"You Can't Skip No Free Lunch" (Hermes Kit)

Ghost Meat 997

This is the deck I planned to play at Worlds 2024, with north of 100 practice games leading up to the event. I panic-switched off it to Hoshiko the morning of Standard, after having some bad luck against Ob/SDS/Holo Man decks in Crown of Servers. In one game, my Lobisomem was killed twice with this combo. The rig is fragile, but against non-Ob decks, it usually feels pretty powerful, with a great matchup into Haas-Bioroid: Precision Design especially, which I predicted there would be a lot of at Worlds. I wish Sacrificial Construct was still legal; it'd definitely be a 1-of include here if so. No Free Lunch pulls similar weight into a horrific Public Trail/Self-Growth Program outcome to bounce both breakers (or just gives you 3 emergency mid-run credits in a pinch), so you can't skip it.

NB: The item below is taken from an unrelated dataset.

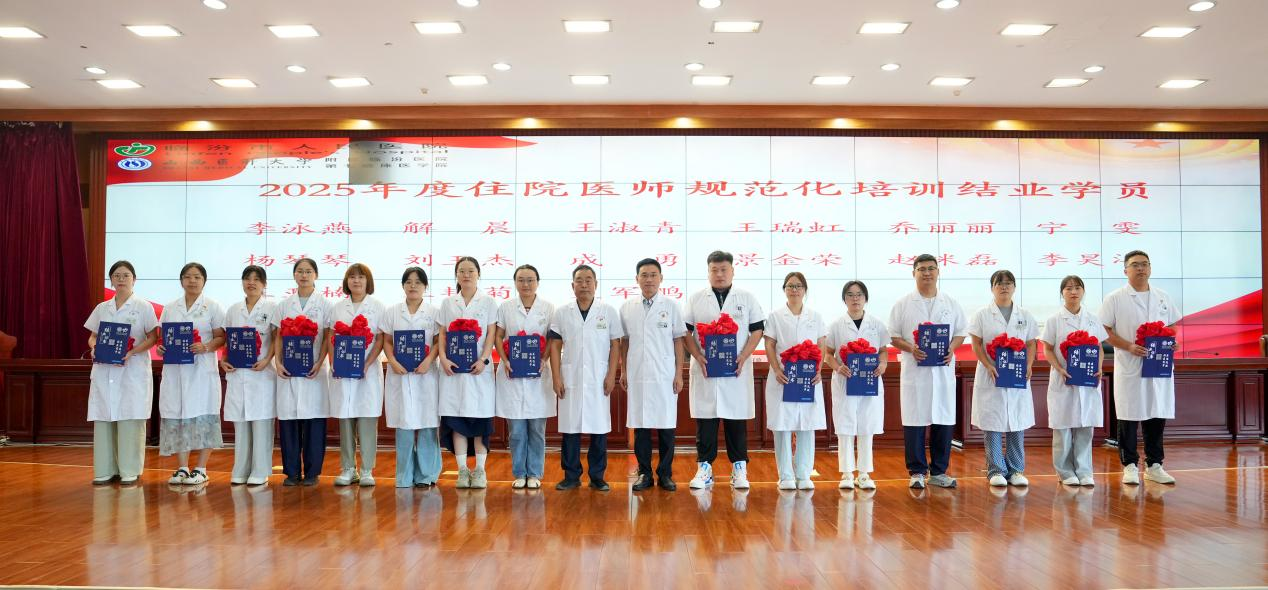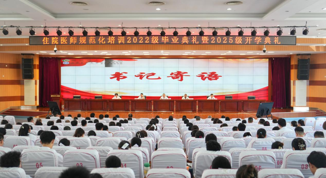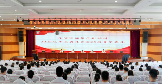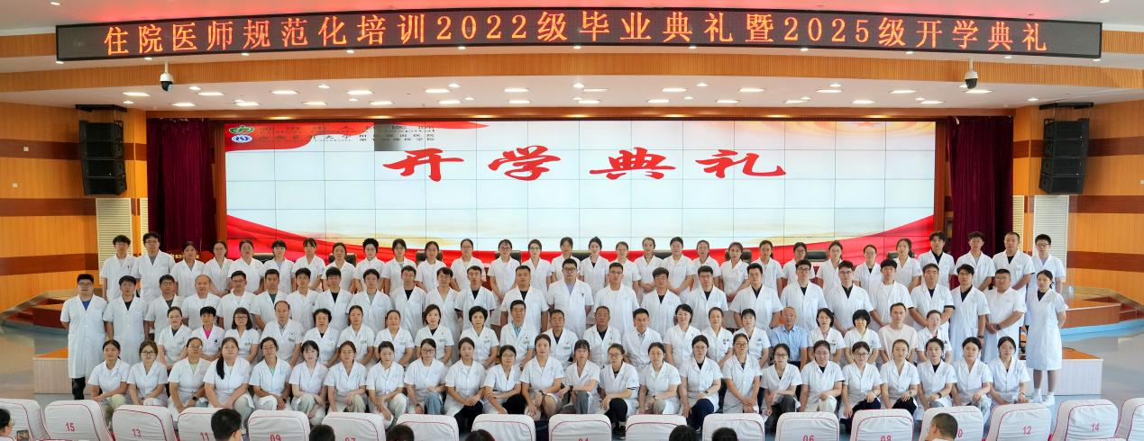 8月19日上午,我院住院醫(yī)師規(guī)范化培訓(xùn)2022級(jí)學(xué)員畢業(yè)典禮暨2025級(jí)學(xué)員開學(xué)典禮在行政樓大報(bào)告廳舉行。院黨委書記王好收,黨委委員、副院長(zhǎng)趙波,黨委委員、副院長(zhǎng)景文記,黨委委員、紀(jì)委書記韓飛,副院長(zhǎng)吳春玲出席活動(dòng),相關(guān)專業(yè)基地教學(xué)管理人員、帶教老師與全體學(xué)員參加。

After COS and my recounting the SDS woes to a Snare Bears & House Hippo teammate, they unironically said to me, in their singularly brazen way, "Dave, your deck sucks." Between that comment and the deck's underperformance on the day, I opted for something I thought would be more resilient and reliable in Hoshiko Shiro: Untold Protagonist, making it my seventh Worlds playing Anarch, the only runner faction I've ever played at the event. Another House Hippo tried to talk me down from switching, saying there would be way less Ob in Standard, that the COS meta was way different than Standard, and they were right, with only 12 showing up (a lowly 5.9% of the field). Cue the endless "what if?" hamster wheel of what might have been with my only Shaper appearance ever at Worlds.

Anyway, the main plan here is to set up a big R&D pressure system, with “Pretty” Mary da Silva, Psych Mike, and Hermes online, then apply a ton of run events into the central to steal points and unravel the corp's board with Leela the Console, all while making money in the process with Mike, who makes you feel like you've DJ Fenris'd into Zahya Sadeghi: Versatile Smuggler, which shouldn't be allowed (and isn't).

Turning Jailbreak into a free The Maker’s Eye that draws you a card and pays you back 3 credits feels unreal, plus it helps you pressure HQ if you suspect there are agendas in hand. Trick Shot is obviously the best card in the deck, and when paired with the engine, feels completely cracked. I tested 2x Burner for a long time, but found I wanted one more R&D multiaccess event, and The Maker’s Eye paired with the engine to get you in for 4 cards and credits was the winner.

An ideal opening hand is econ and a Spark of Inspiration, which hopefully hits Lobisomem on the 50/50. Drawing your breakers is unideal, so only draw if necessary to find your Sparks, and then once both breakers are down, you have unfettered draw for days, fetching your econ and run events. If you do draw your breakers, you can overdraw to throw them in the bin, then use Compile to get them out and back into the stack, then Spark for them. This is sometimes inefficient, but necessary, and Compiles are there to help in the aforementioned Ob Superheavy Logistics: Extract. Export. Excel./SDS Drone Deployment matchup, which is winnable, but obviously sometimes fraught. The bouncy NBN: Reality Plus or Near-Earth Hub: Broadcast Center lists are also unpleasant for this deck, especially if they can stick an unclearable Oppo Research and then Self-Growth your programs (again, this is why you can't skip lunch).

This deck is the most fun I've had playing runner in some time, despite its tendency to trip on the odd backpack.